Я сосредоточилась на том, чтобы тщательно размешать какао в горячем молоке.
— Это ты называешь «идти медленно»? — Она изобразила кавычки в воздухе.
— Эм… — Я почувствовала, как мои щёки заливает краска.
Её глаза засветились.
— Ну же, рассказывай всё.
— Ну, мы… как бы… — Я замялась, чувствуя, как жар поднимается к лицу.
— Переспали? — её голос опустился до шёпота.
— Тише. — Я кинула взгляд в сторону гостиной, где сидели наши родители. — Да.
— Я так и знала! — Она сжала кулаки от восторга.
— Как ты узнала?
— Во-первых, это было очевидно по тому, как вы сегодня вели себя. Как ты его касалась. Как он на тебя смотрел. А во-вторых, мне только что написала Хлоя: «Что, чёрт возьми, происходит между Сильвией и Генри?» — Эйприл ухмыльнулась и убрала телефон обратно в карман. — Так что тут и гадать особо не надо.
— О. — Я добавила в молоко немного ванили. — А я думала, может, Фрэнни рассказала.
Эйприл широко раскрыла глаза.
— Фрэнни знает?
— Я случайно проговорилась в воскресенье, когда она была здесь. Но она сказала, что и так всё поняла ещё на Рождество.
— Я тоже так подумала! Но потом ты мне сказала, что не будешь давать этому развиваться и собираешься держаться от него подальше.
— Да, собиралась. — Я выключила плиту. — Но как-то не получилось.
— Когда это произошло?
— В субботу вечером, когда дети ночевали у Фрэнни. — Я добавила в напиток растопленный шоколад. — А ещё в воскресенье вечером, в винодельне.
— О, Боже мой! — Эйприл прикрыла рот руками. — Где именно в винодельне?
— В его кабинете.
От одного воспоминания у меня снова возникло желание оказаться рядом с ним.
— На его столе?
— Да.
— Не могу в это поверить. — Она покачала головой. — И как тебе?

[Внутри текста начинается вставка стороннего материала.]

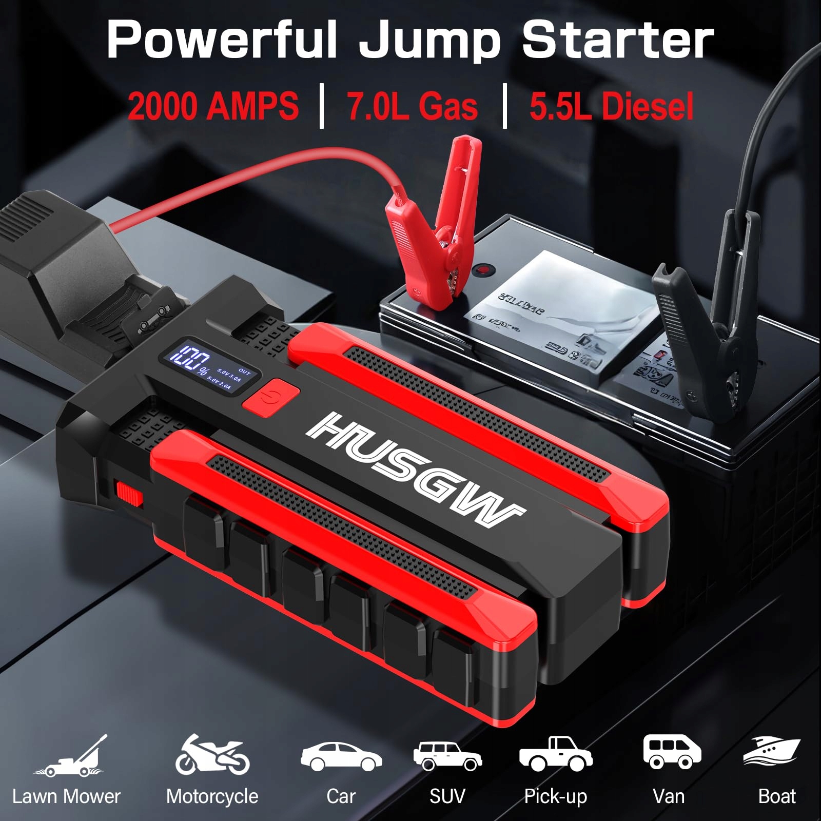 HUSGW Powerbank 2000A Rozruch Samochodu 12V LED Latarka Motocykl SUV
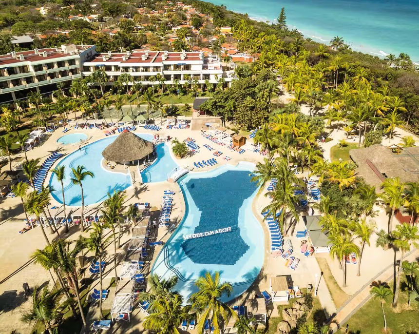 Situated along Varadero’s sandy shores, this hotel offers direct access to a stretch of beach just steps away. Guests can relax beneath a thatched umbrella on the sand or choose a cozy spot beside one of the hotel’s pools.
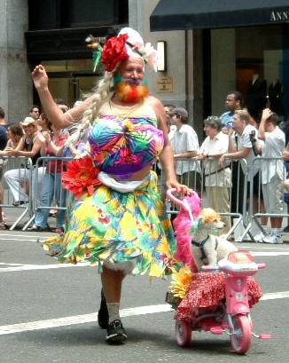 かなりのおじいさんのように見えた、ドラッグクイーンのかた。連れのプードルも、おそろいのレインボーカラーに毛を染めていた。
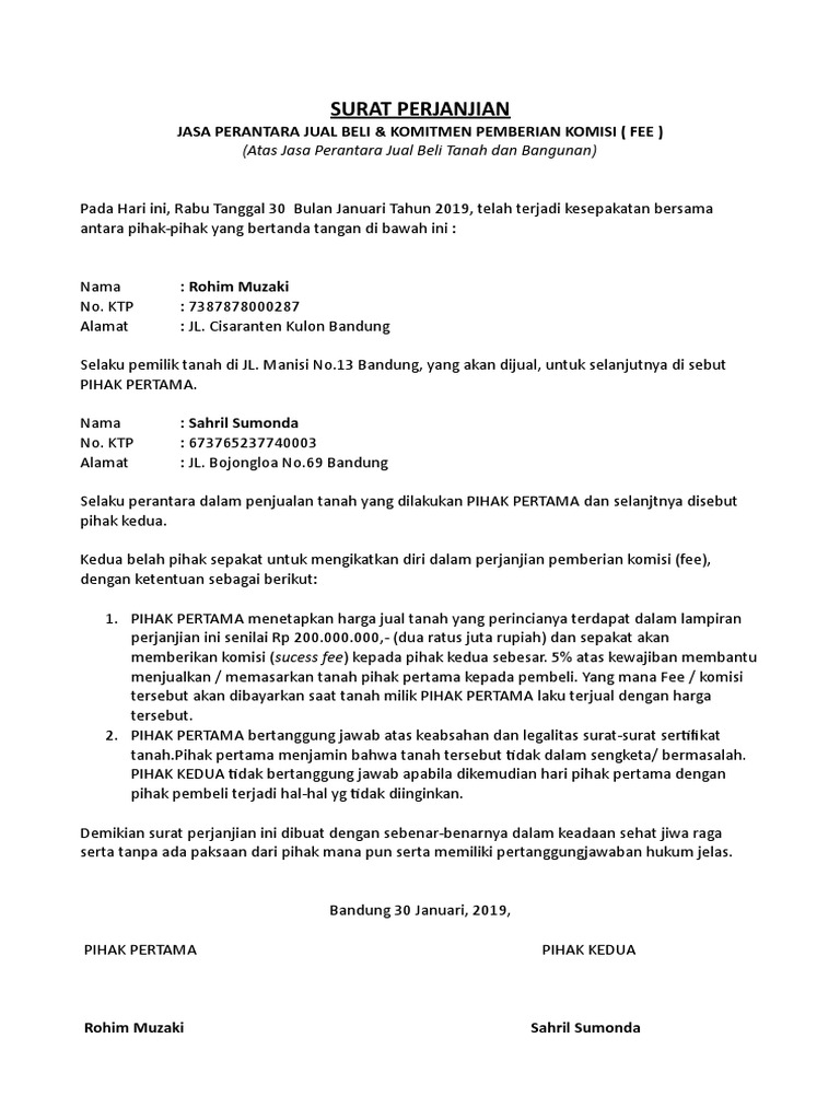 Surat perjanjian komitmen fee jual rumah. Check spelling or type a new query. We did not find results for: Maybe you would like to learn more about one of these?
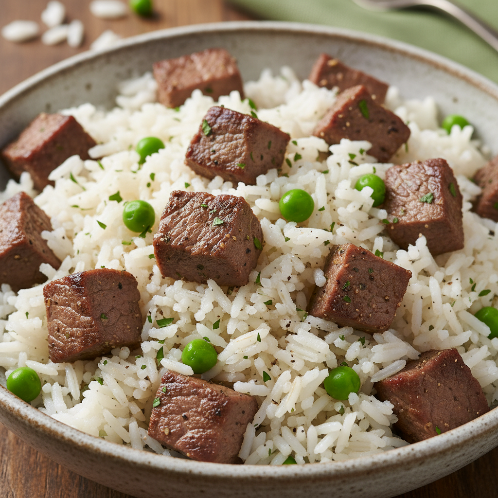 - Bring to a boil, then reduce heat to low, cover, and simmer for 20-25 minutes, or until rice is cooked and beef is tender.
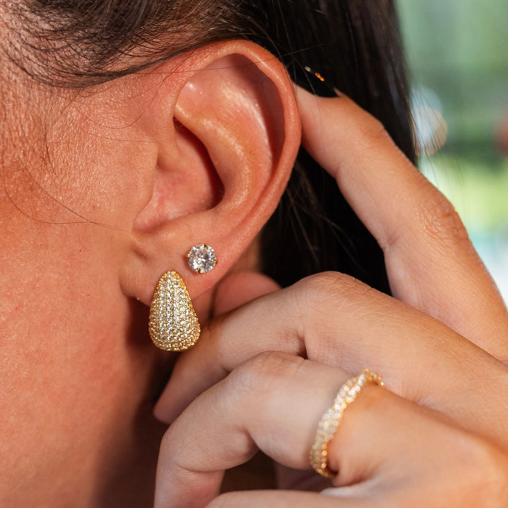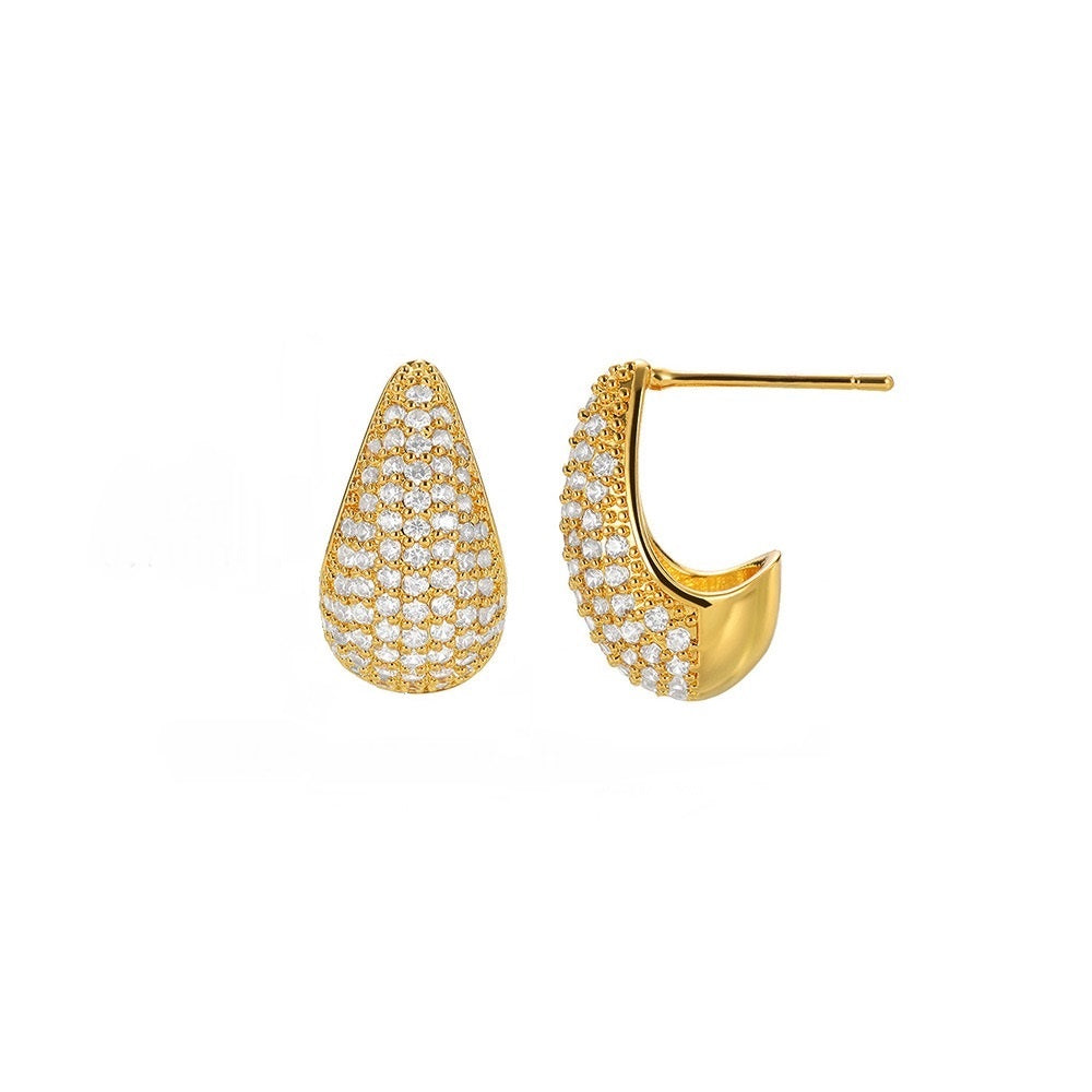 The LUNARA Earrings in luxurious 18K gold-plated finish are designed for the woman who isn't afraid to shine. With their bold, curved silhouette fully adorned with sparkling zirconia, these golden earrings create an aura of sophisticated glamour that transforms any occasion.
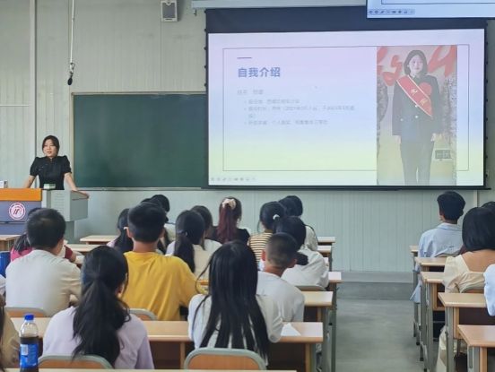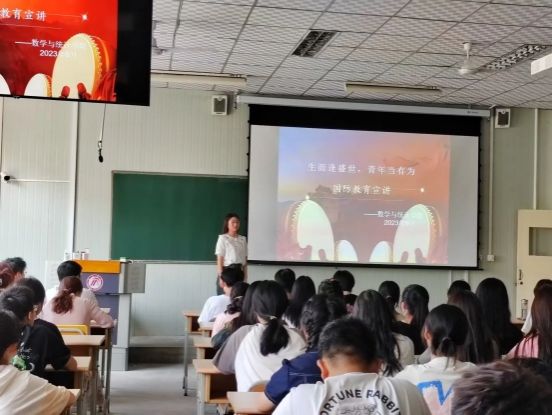 在宣讲过程中,李晶和郑睿介绍了入伍的条件和流程,分享了血汗交织的军旅记忆和思想感悟,诠释了国防教育的内涵,重现了那段青春燃烧岁月的点点滴滴,展现了新时代青年老员工以军人的身份践行爱国主义精神,传承红色基因的报国情怀,她们的担当与奉献感动着在场的每一位同学。同时她们倡导同学们要加强风险意识、忧患意识,提升身心素质,心向祖国,用青春和热血筑起一道坚固的国防之墙。
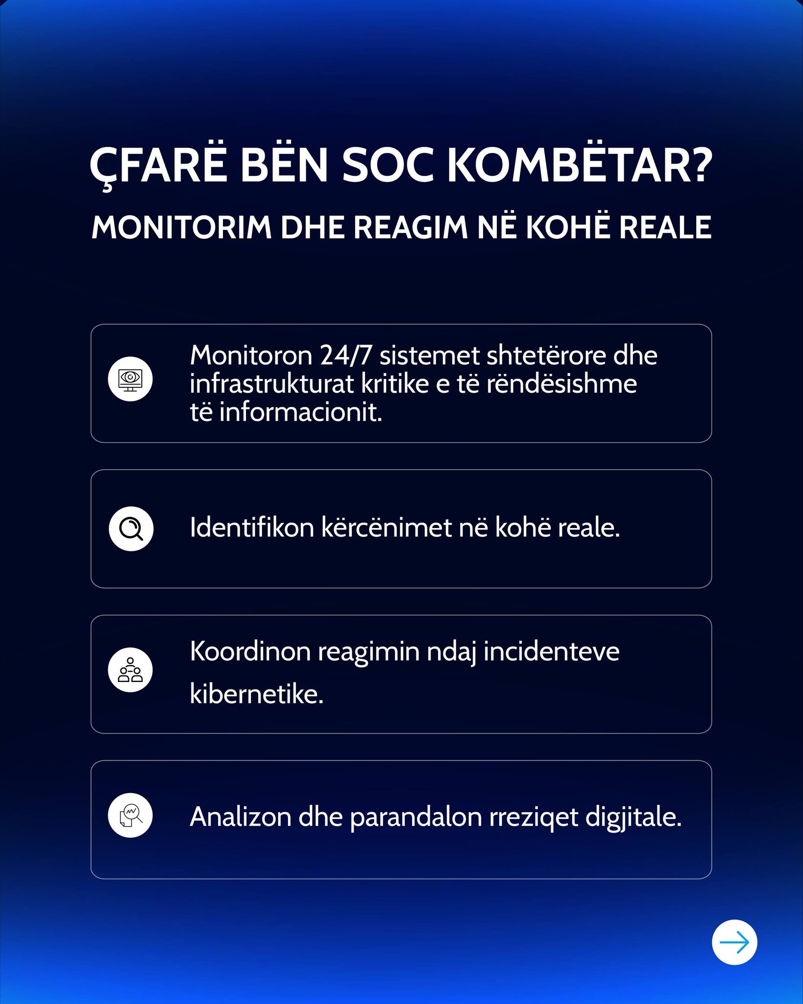 Funksionalizimi i plotë i SOC dhe CSIRT Kombëtar dhe forcimi i kapaciteteve të tyre përmes implementimit të platformave dhe mjeteve teknike të avancuara si dhe plotësimit me staf profesional, rrit ndjeshëm aftësinë për monitorim, parandalim dhe reagim ndaj incidenteve kibernetike, duke garantuar vazhdimësinë e shërbimeve kritike publike dhe private, dhe mbrojtjen e interesit qytetar. Për të mundësuar funksionimin e plotë të CSIRT Kombëtar, janë miratuar 20 akte nënligjore duke përmbyllur kornizën ligjore për implementimin e ligjit nr. 25/2024 “Për sigurinë kibernetike” i përafruar në nivel të lartë me Direktivën NIS2.
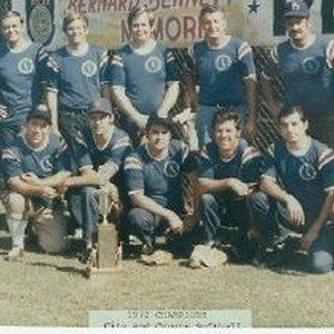 Sacramento Police Department Bureau of Investigation Softball Team poses for photo. They are the "1972 Champions, City and County Softball." Sign behind them says, "Bernard Bennett Memorial Picnic."
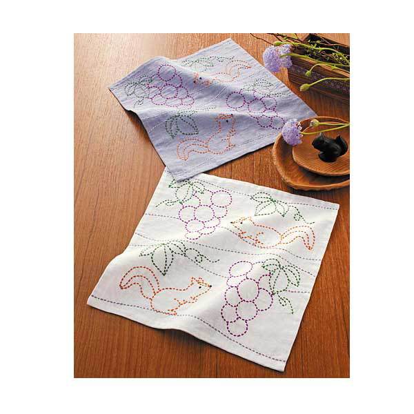 刺しゅう布 『刺し子 花ふきん ぶどうとリス 252』 Olympus オリムパス
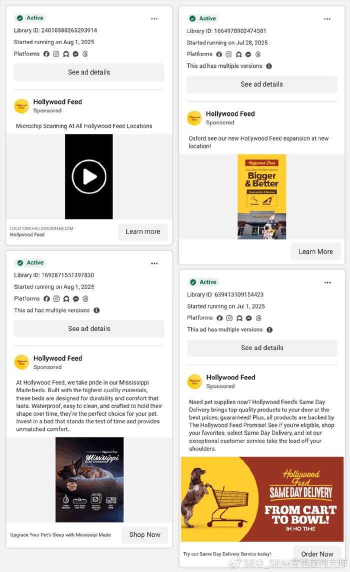 Hollywood Feed 的 Meta 广告融合了产品促销和本地信息。
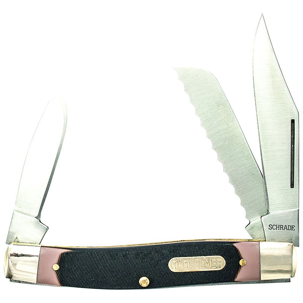 Schrade Old Timer Blazer Folder With Clip Serrated Sheepfoot And Spey Blades
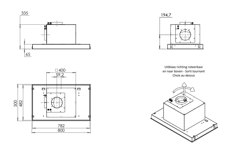 - Les hottes sans moteur fonctionnent avec un moteur à distance. Le moteur doit être commandé à part.
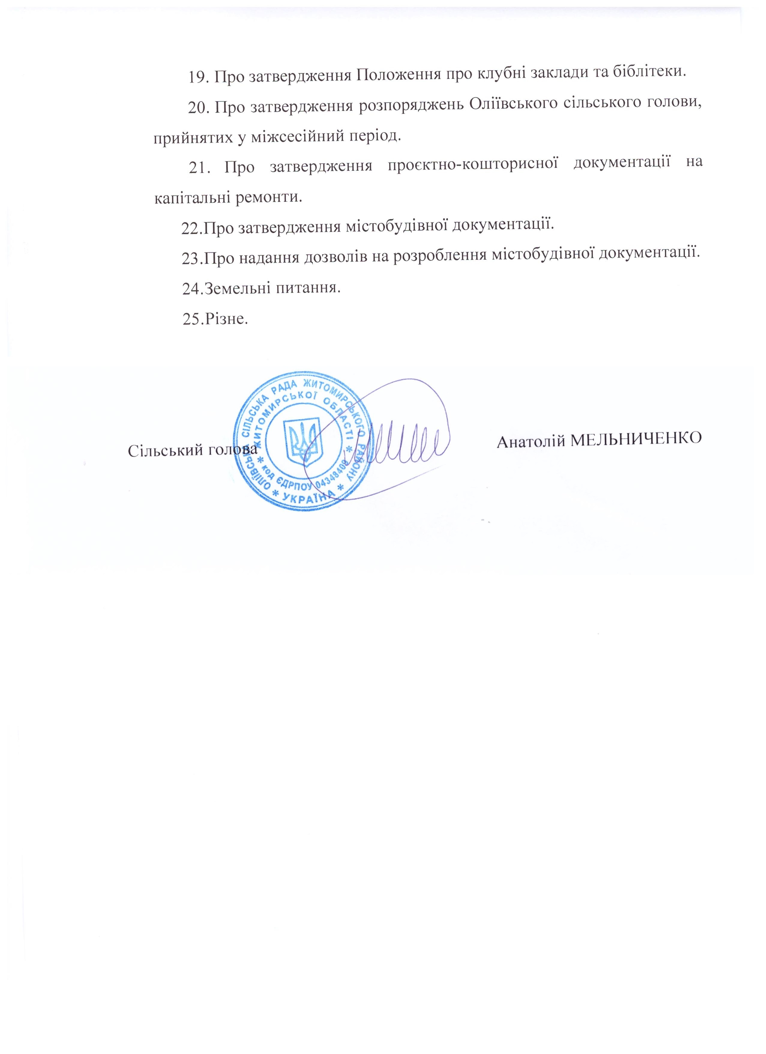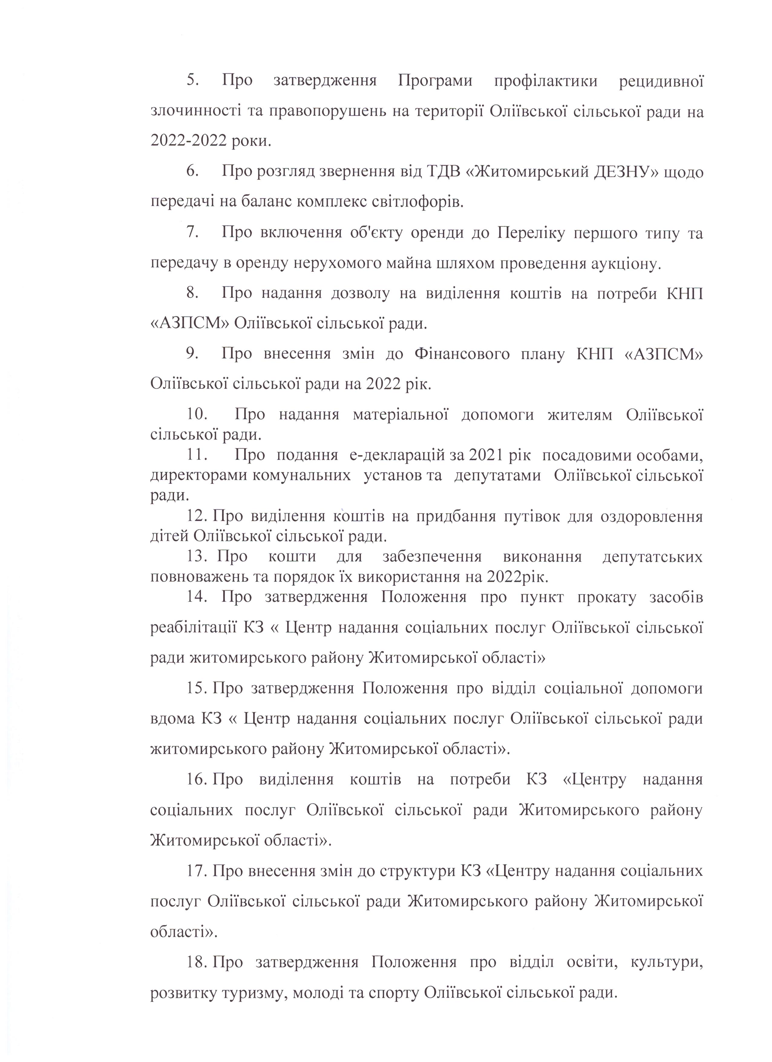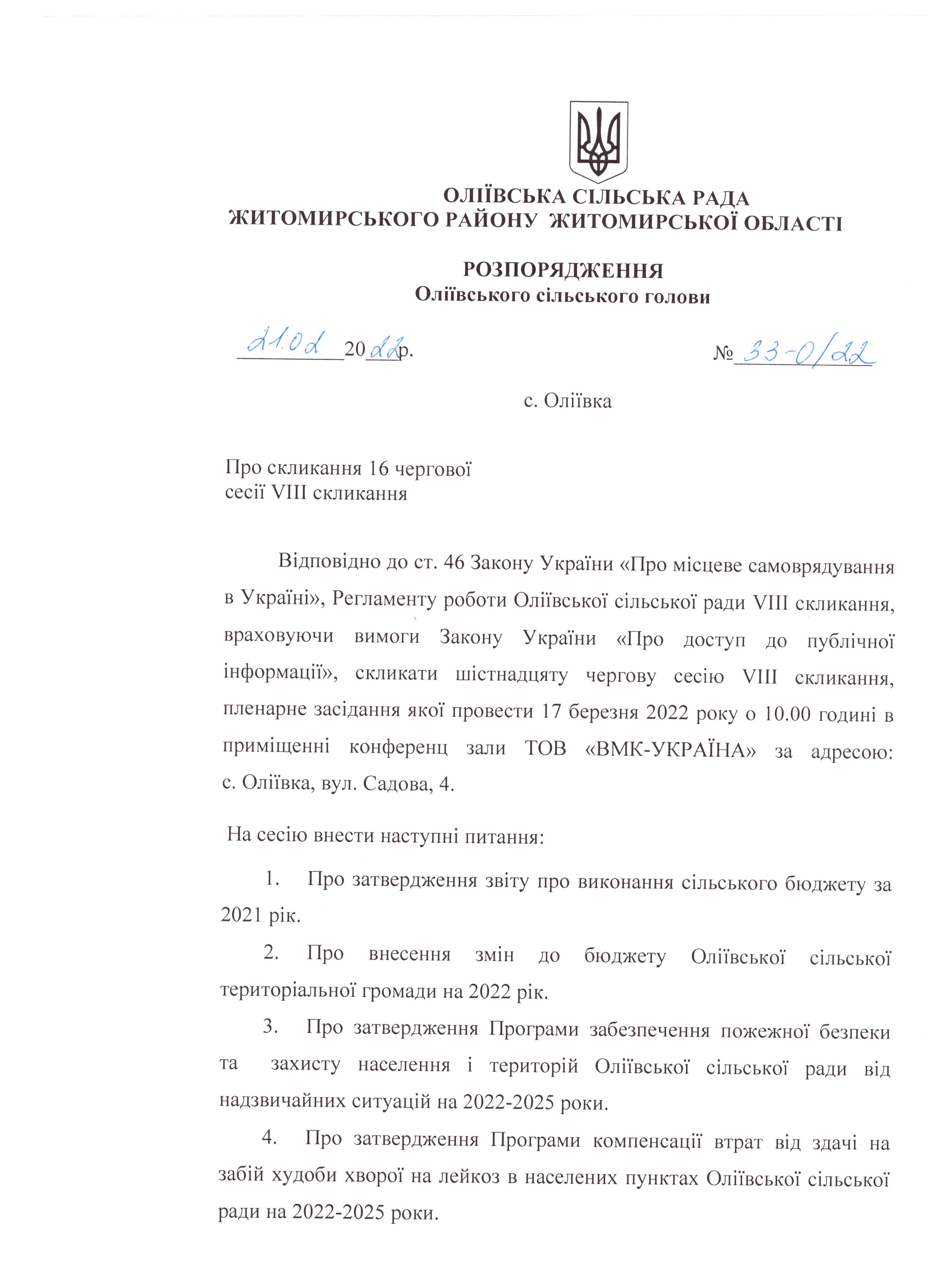 Розпорядженням Оліївського сільського голови від 21.02.2022р. № 33-0/22, відповідно до ст. 46 Закону України «Про місцеве самоврядування в Україні», Регламенту роботи Оліївської сільської ради 8 скликання, враховуючи вимоги Закону України «Про доступ до публічної інформації», скликається шістнадцята сесія VIIІ скликання Оліївської сільської ради, пленарне засідання якої буде проведено 17 березня 2022 року о 10.00 в приміщенні конференц-зали ТОВ «ВМК-УКРАЇНА» за адресою: с.Оліївка, вул.Садова, 4

— Это было невероятно. — Я достала семь кружек из шкафа. — Помнишь, мы обсуждали, где найти хорошего парня, который будет доминировать в постели, но при этом оставаться заботливым?
— Помню.
— Ну, я нашла одного.
— Он приковал тебя наручниками? — Она ахнула.
— Тише! — Я снова посмотрела в сторону гостиной, убедилась, что нас никто не слышит, и покачала головой. — Никаких наручников. Просто он оказался… неожиданно грубым и требовательным иногда. Но при этом был невероятно нежным. Он был именно тем, кто мне сейчас нужен.
Через окно над раковиной я видела, как Генри терпеливо объяснял Китану устройство телескопа, отвечал на его вопросы, что согревало моё сердце.
— И что теперь? — спросила Эйприл, снова облокотившись на раковину. — Вы теперь вместе?
— Нет. Поэтому ничего никому не говори. — Я начала разливать горячий шоколад по кружкам. — Мы пока просто друзья.
Она фыркнула.
— Теперь ты действительно звучишь как Мег.
— Я серьёзно. — Я добавила на поднос баллончик с взбитыми сливками и миску с маршмеллоу. — Для нас это пока просто развлечение. Никто из нас не может предложить что-то большее. Мы оба это понимаем.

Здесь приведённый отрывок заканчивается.